Fugge dal padre comprando un passaggio su un’astronave. Deve passare 10 anni in ibernamento per arrivare su Teukros dove potrà iniziare i suoi studi da scoliasta (scienziato e filosofo). Purtroppo qualcosa va storto e Hadrian di risveglia su un pianeta mai sentito nominare, Emesh, senza denaro. Inizia una nuova vita, prima come ladro e poi come gladiatore, con il sogno di mettere da parte abbastanza denaro da andarsene da lì. Le sue origini nobili vengono scoperte dal signore che governa il pianeta, e Hadrian entra in una serie di giochi politici e dinastici, durante i quali conosce Valka, una xenologa, che lo introduce ai misteri del Silenzio, una misteriosa specie aliena che ha colonizzato la galassia prima dell’umanità – idea considerata eretica dalla Religione Imperiale. Emesh viene attaccato dagli alieni Cielcin, e a questo punto Hadrian dovrà usare tutte le sue doti di guerriero, diplomatico e archeologo per salvare capra e cavoli: fermare la battaglia e riuscire a lasciare il pianeta.

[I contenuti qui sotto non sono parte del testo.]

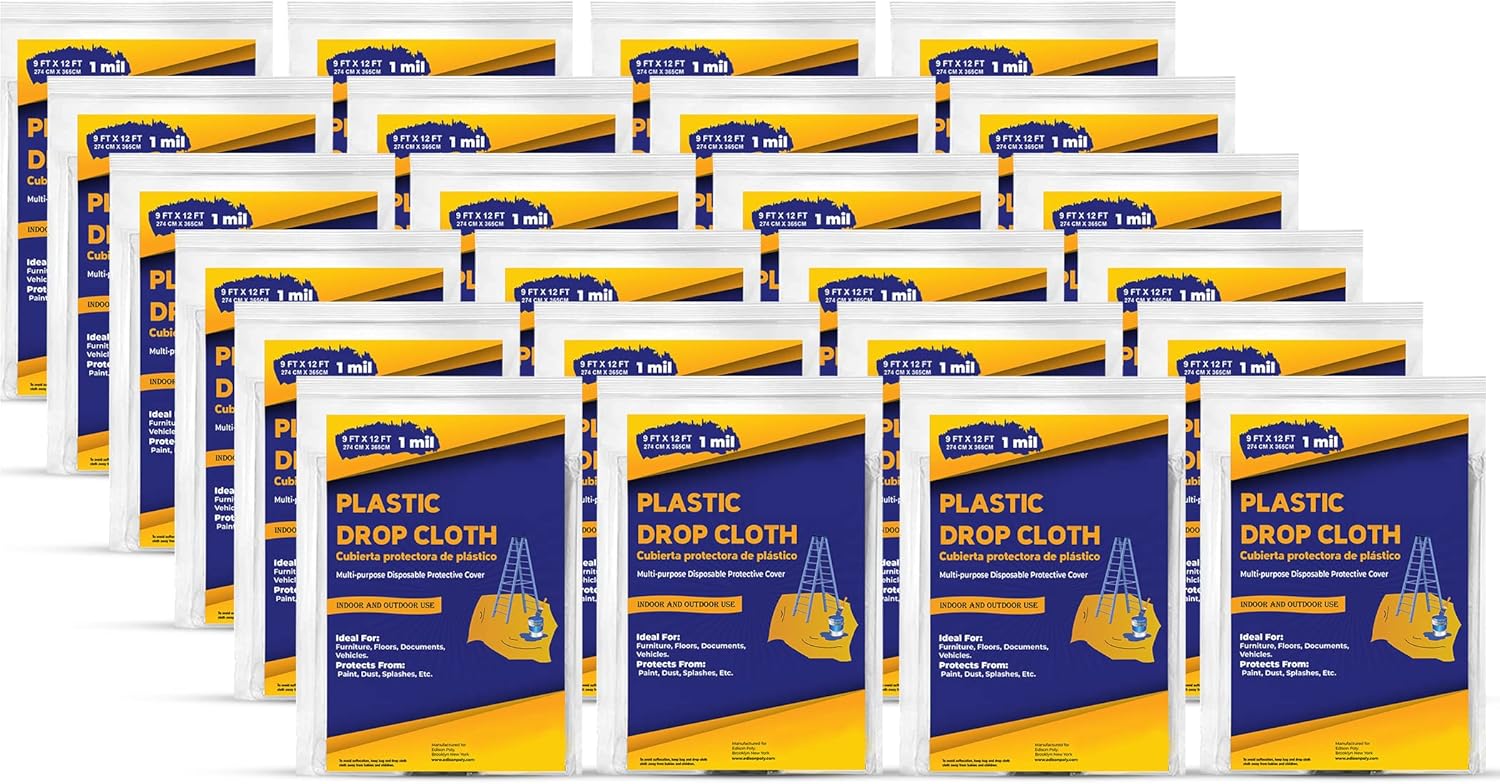 Painters Plastic Drop Cloth - 9 x 12 Feet Paint Tarp 1 Mil Thick Disposable Plastic Sheet for Painting Waterproof Dustproof Clear Plastic Cover for Furniture Floors Cars Remodel your house or complete DIY projects easily with this plastic drop cloth. Made from 100% polyethylene, this cover sheet will offer complete peace of mind as it will cover up your household items and prevent them from getting messy with annoying stains that are a pain to clean up.The sheet is 1 mil thick and measures 9 x 1feet to provide up to 117 square feet of coverage. Heavy-duty sheeting is safe to use, odorless and tear-resistant. It has a s ingle-piece construction meaning you can place it flat on the floor or drape over furniture, electronics, cars, and more to protect them from paint drips, water and dust. Plastic cover sheets are perfect for many types of projects around the house. They allow for hassle-free clean-up as the recyclable plastic can be thrown in the trash when you are done. No more worrying about stains and cleaning after paint jobs with this tarp. Order today!

Empire of Silence è incredibilmente derivativo. L’autore ha preso pesantemente dall’immaginario di Dune, Guerre Stellari, Book of the New Sun e Warhammer 40k. Ha preso senza vergogna, senza nascondersi: il suo scopo non è demolire certi cliché della narrativa di fantascienza (l’Impero Galattico, l’Eroe Predestinato, etc…) ma vedere come usarli per raccontare una buona storia. E allora ci sono scudi personali che obbligano a combattere all’arma bianca, gilde spaziali, Inquisitori che danno la caccia a macchine eretiche, e così via.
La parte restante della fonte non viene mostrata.